The impacted information potentially included IP addresses, dates, times, or locations of scheduled appointments, proximity to a practice location, information about providers, and other PHI that may have been within the patient portal.
“You can protect yourself from online tracking by blocking or deleting cookies or using browsers that support privacy-protecting operations, such as incognito mode. You can also adjust your privacy settings in Facebook and Google,” BayCare Clinic noted.
“These pixels would be very unlikely to result in identity theft or any financial harm, and we have no evidence of misuse or incidents of fraud stemming from this incident.”
MindPath Health Faces Employee Email Breach
On December 30, 2022, MindPath Heath informed 193,947 patients of an employee email breach that led to potential PHI exposure.
The outpatient behavioral health service organization detected unusual email activity during a routine security audit.
Upon discovery, Mindpath Health secured its email environment and hired experts to investigate suspicious activity within the environment.
“During the investigation, our third-party forensic firm discovered that two employee email accounts had experienced unauthorized access: one in March 2022 and the second in June 2022, the report stated. “On November 15, 2022, following a thorough investigation, it was discovered that a limited amount of protected health information may have been accessed by an unauthorized third party in connection with this incident.”
Additionally, the investigation suggests that impacted information included patient names, addresses, social security numbers, dates of birth, medical diagnosis and treatment information, health insurance information, and prescription information.

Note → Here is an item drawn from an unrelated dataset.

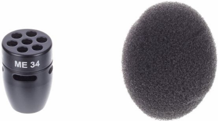 Микрофонный капсюль Sennheiser ME 34 обеспечивает высокое качество звука и низкий уровень собственного шума. Головка имеет прочную, цельнометаллическую конструкцию и матовое антибликовое покрытие чёрного цвета. Используется в комбинации с гибкими металлическими держателями типа «гусиная шея».

“At this time, Mindpath Health is not aware of any evidence to suggest that any information has been, or will be, misused,” the report stated. “However, Mindpath Health was unable to rule out the possibility that the information could have been accessed. Therefore, in an abundance of caution, Mindpath Health is notifying potentially impacted individuals of this incident.”
DCH Health System Discloses Data Security Event, Over 2K Impacted
DCH Health System informed 2,530 patients of a data security incident that occurred in early December.
The healthcare system discovered the security incident on December 9, 2022, and later determined that an employee inappropriately patient EHR records between September 2021 and December 9, 2022.
DCH Health System immediately suspended the employee, and they were shortly terminated. Later, the healthcare system engaged a data breach recovery expert learning that the information viewed by the employee included names, addresses, date of birth, social security numbers, date of encounter, diagnoses, vital signs, medications, test results, and provider notes.
“All affected patients have been notified by mail about this incident,” the press release stated. “DCH Health System has no reason to believe that the information was or will be further used or disclosed; however, out of an abundance of caution, free identity theft protection services, including credit monitoring, were offered to all patients whose insurance group and subscriber/policy numbers may have been involved.”
“DCH continues to provide ongoing mandatory HIPAA/privacy training to its workforce members regarding appropriate access, use, and disclosure of protected health information,” the organization confirmed. “DCH will also use this incident to improve our privacy monitoring tools and processes.”